Personal information
- Full name: Cédric Makekula Muendele Mitu
- Date of birth: 14 January 1995 (age 31)
- Place of birth: Kinshasa, Zaire
- Position: Forward

Team information
- Current team: Wetteren
- Number: 10

Youth career
- SKV Overmere
- Lokeren

Senior career*
- Years: Team / Apps / (Gls)
- 2012–2014: Lokeren / 1 / (0)
- 2014–2015: Zulte Waregem / 0 / (0)
- 2015–2016: Bornem / 28 / (4)
- 2016–2020: Eendracht Aalst / 92 / (27)
- 2020–2021: Londerzeel / 4 / (0)
- 2021: Sint-Eloois-Winkel / 3 / (0)
- 2022–: Wetteren / 76 / (13)

= Cédric Mitu =

Congolese footballer

Cédric Makekula Muendele Mitu (born 14 January 1995) is a Congolese professional footballer who plays as a forward for Wetteren. His first football club was SKV Overmere.

==Career==
When Mitu was eight, his parents moved from the Congolese capital Kinshasa to Belgium.
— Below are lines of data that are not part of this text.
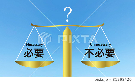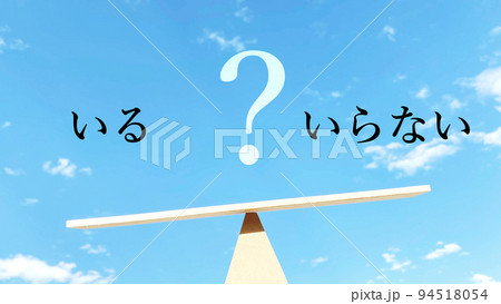 矢印の下向き道しるべと必要と不必要の文字_青空背景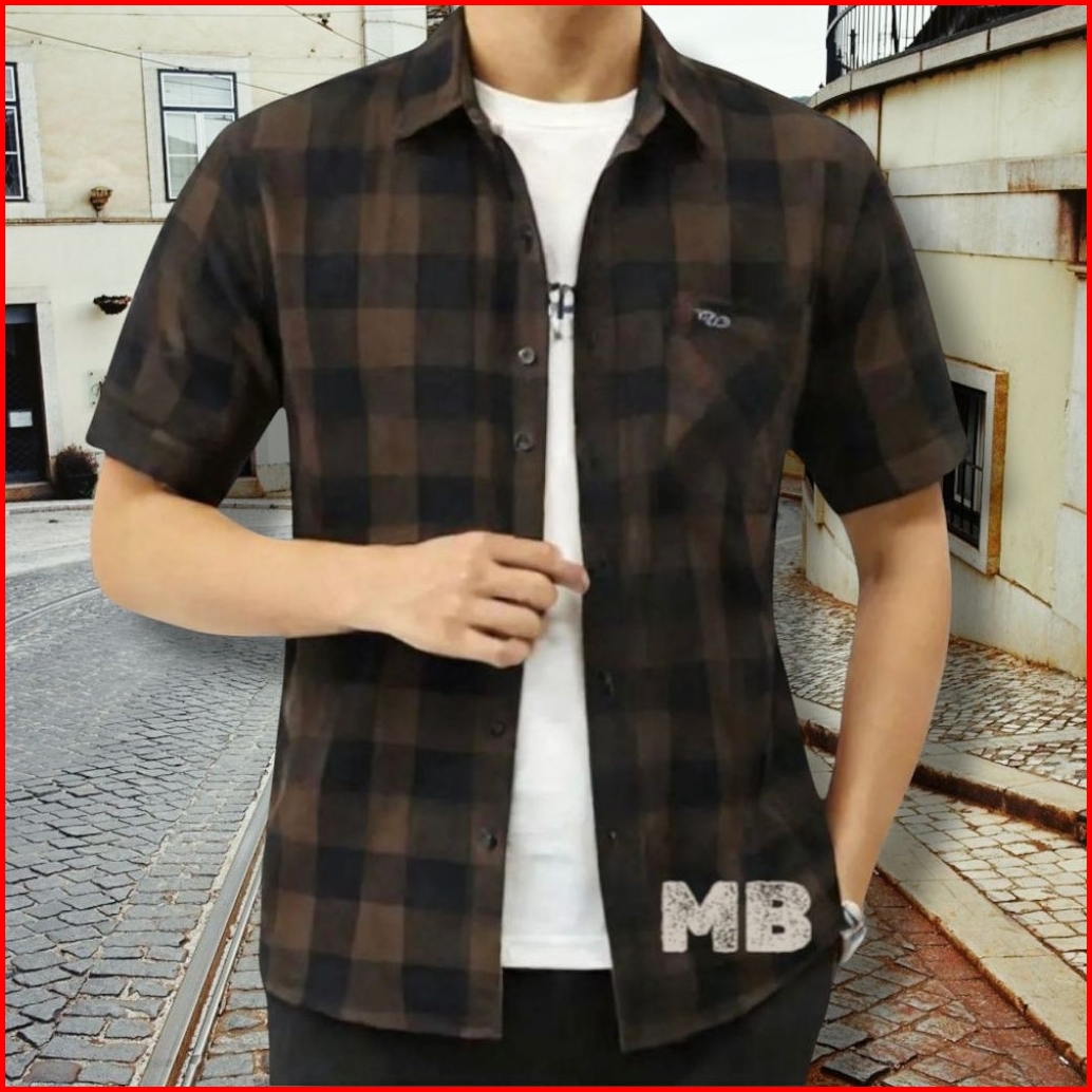 Kemeja Flanel Pria Lengan Pendek Impor Standar Dewasa Kualitas Best Seller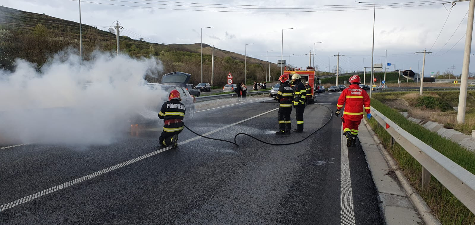 Incident grav pe Autostrada A10. Motorul unei mașini a luat foc. În autoturism se aflau 3 persoane
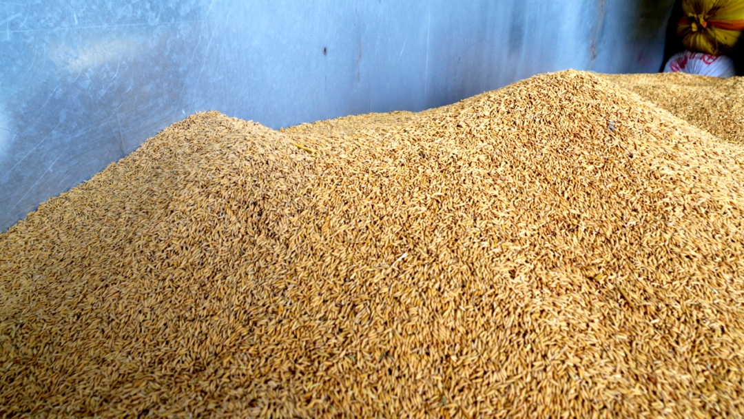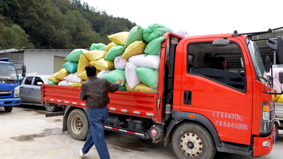 10月22日,平均海拔1000米的黄粮镇寒风刺骨,该镇金家坝村二组村民岳华红和丈夫张强拉着一车今年刚收割的稻谷,前往四月青公司粮食收购点售卖。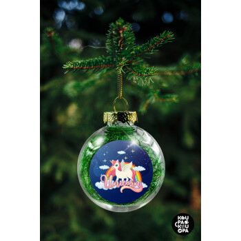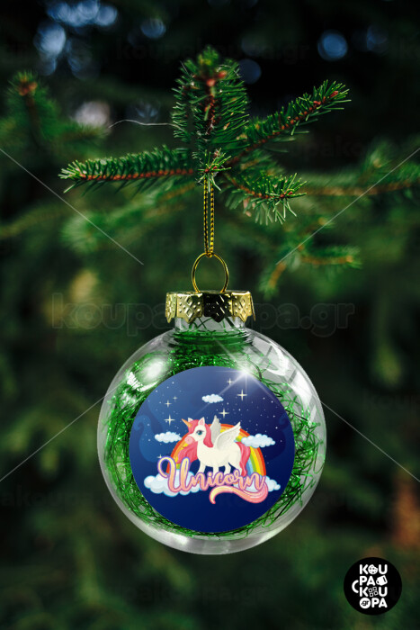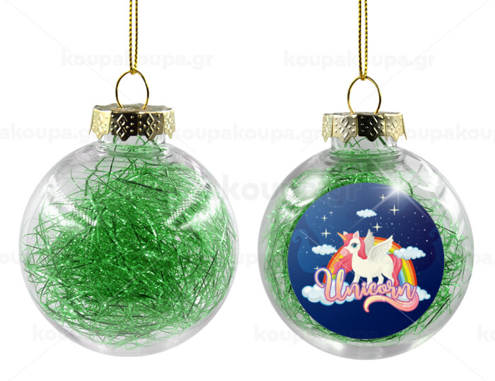 Μονόκερος, Transparent Christmas tree ball ornament with green filling 8cm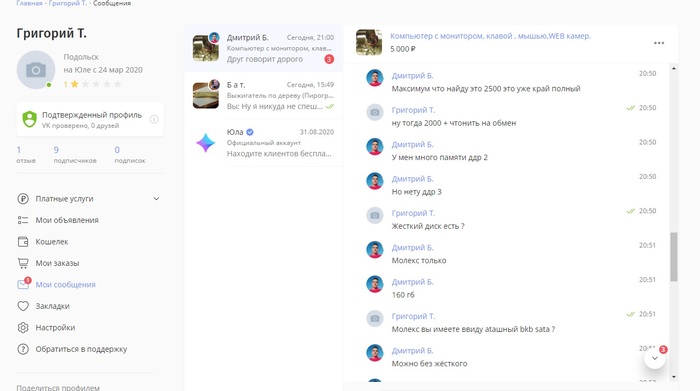 Перед вами последовательное давление на жалость с выторговыванием компа (заметте всего то за 5 тыщ рублей с монитором, мышью, клавой....) и в конце смех когда я соглашаюсь на все его выдумки...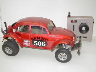 Flashback to the 80's- Immaculate example of a near completed Sand Scorcher with era correct competition radio. Car has only been ran on carpet. Body of this model have several external pieces that has not been assembled. The Sand Scorcher is the most classic of R/C cars. This is the car that started the R/C car craze that lasted until the 90's when participation tapered off. The car had life like working suspension and a waterproof radio box. Cars prior to the Sand Scorcher had suspension like the XR311, but they were fragile, and had poor performance without a shock or any type of friction damping. It was more of a curiosity than a true working suspension. The mechanisms of the Sand Scorcher was very imaginative, and it hit the market right on, giving the hobbiest exactly what they wanted. It was pushing the envelope of practical miniturization in the hobby world. |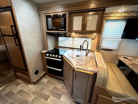 Seating and sleeping for seven family members or friends will make this a great choice for traveling both near and far. This unit features a large slide out for added interior space, plus plenty of storage both inside and out. The kids will love the cab-over bunk for sleeping and relaxing. You will also find sleeping space for three more up front with the 68" jack-knife sofa and 71" Dream Dinette. You can easily transform each of these into comfortable sleeping spaces at night. A private bedroom just one step up beyond the kitchen and bath area provides a bit of privacy from the rest of the coach, and there are two nice closets for your things. You can even add an optional 32" TV here if you like. You will find plenty of overhead storage throughout, and the MEGA-Storage outside is great for outdoor games, toys, and other camping equipment that you can keep neat and organized until you need them. You might even like to add the optional exterior 32" TV to watch while relaxing under the power awning.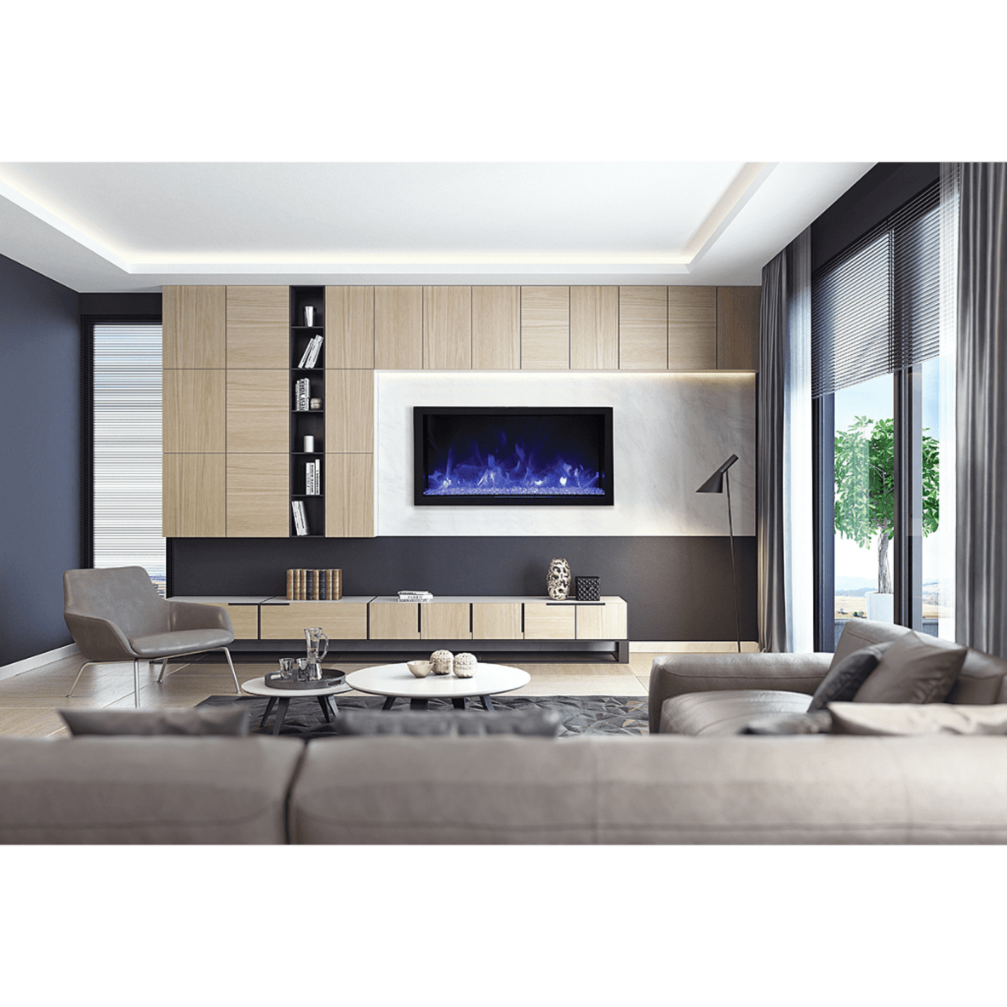 The Remii BI-45-XT electric fireplace is built with Amantii’s FIRE & ICE® Flame presentation made of three color LED light strips allowing for multi-color flame options. With just a click of the included remote control, choose from blue, rose, violet, yellow or orange colored flames. Additional media options available for purchase.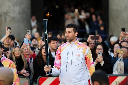 2025年12月6日,在意大利羅馬萬神殿,火炬手、意大利籃球運(yùn)動(dòng)員安德烈亞·巴爾尼亞尼在傳遞火炬。當(dāng)日,2026年米蘭-科爾蒂納冬奧會(huì)火炬在意大利羅馬傳遞。新華社記者李京攝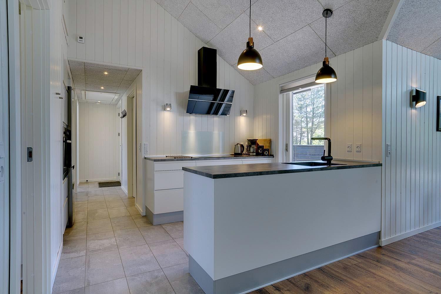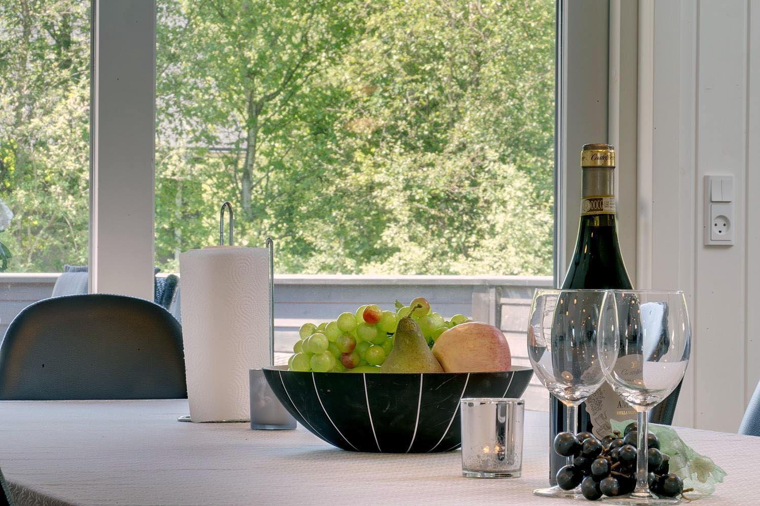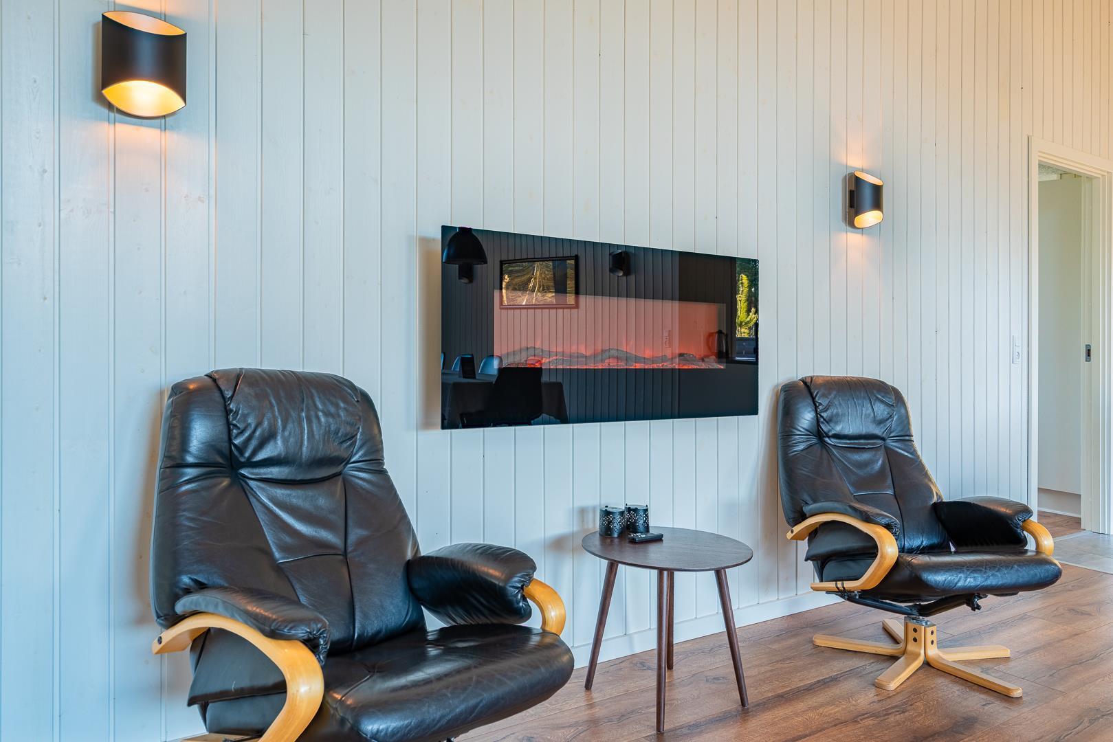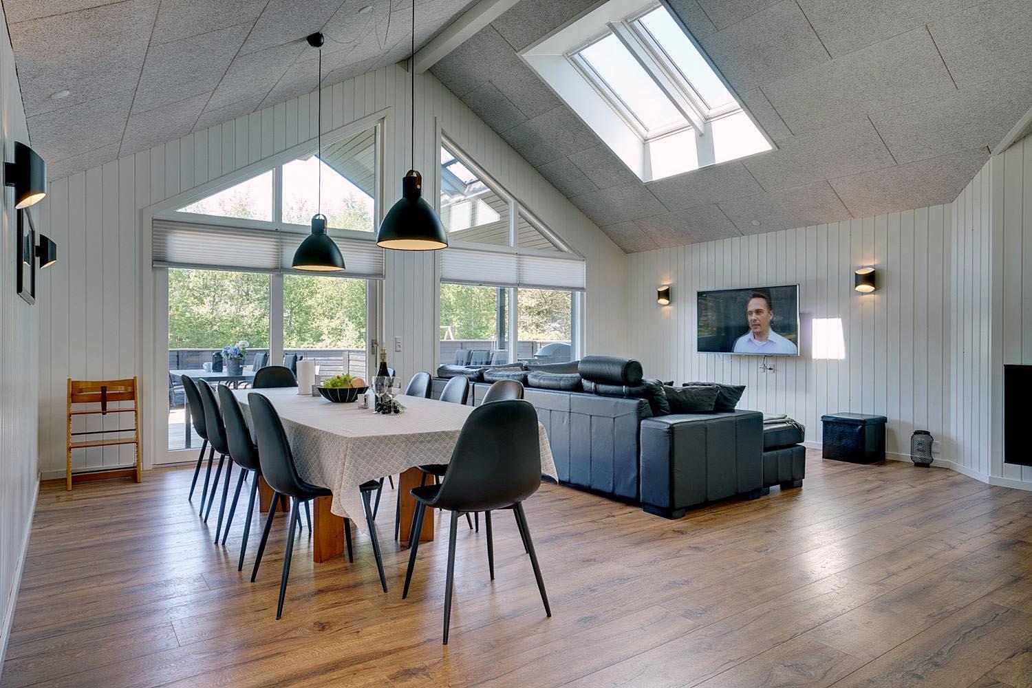 Die komfortable Küche mit 60 l Gefrierfach, Mikrowelle und Geschirrspüler erleichtert die tägliche Arbeit. Viel Licht im Wohnraum, hohe Decken, aber gute Akustik mit Troldtekt-Decken. Ein El-kamin macht die Abende noch gemütlicher. Eine sehr große und sogar geschlossene Terrasse, sodass Sie nicht an einen Hund oder Kinder denken müssen, die ohne Ihr Wissen nach draussen gehen. Darüber hinaus gibt es in diesem Zusammenhang eine versenkte Terrasse, so dass Sie ein schönes Leben im Freien genießen können. Wenn die Sonne zu heiß oder der Abend zu kalt wird, können Sie durch die Terrassenheizung unter die überdachte Terrasse ziehen.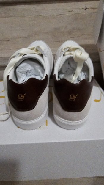 Premium leather sneakers with a hidden 6 cm height-boost sole. Clean, modern design in white leather with grey suede and brown leather heel. Adds height discreetly while looking like regular luxury sneakers. Great for everyday wear or as a gift. For adults. Foe weman could work too.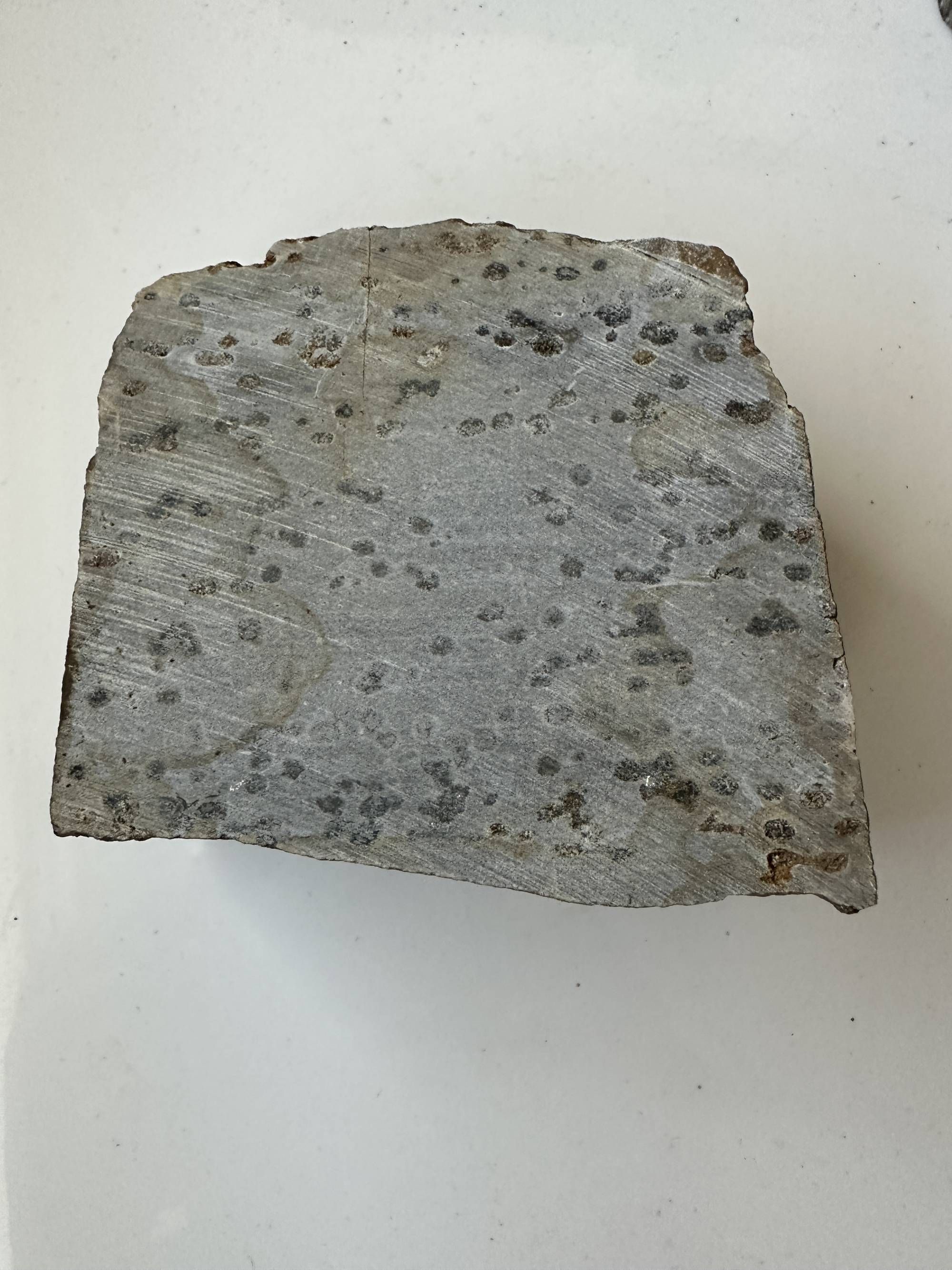 Outcrops with coticule alteration in sediments (Photo 3) also occur at the south end of the magnetic anomaly. This style of hydrothermal alteration occurs at the Sullivan deposit.

The family settled in Berlare where young Mitu joined local club SKV Overmere, where he was plucked away by Sporting Lokeren's youth scouts after barely one year. At Lokeren, Mitu made it all the way to the first team squad a few years later.

Mitu made his first appearance in the Belgian Pro League for Lokeren on 8 December 2012 against KV Mechelen, after a substitution.

Between 2016 and 2020, Mitu played for Eendracht Aalst. In April 2020, he moved to Londerzeel.

In January 2021, Mitu signed with Sint-Eloois-Winkel. He made his debut for the club on 31 October 2021, coming on as a late substitute for Nagim Amini in a 1–1 draw against RFC Liège in the third-tier Belgian National Division 1.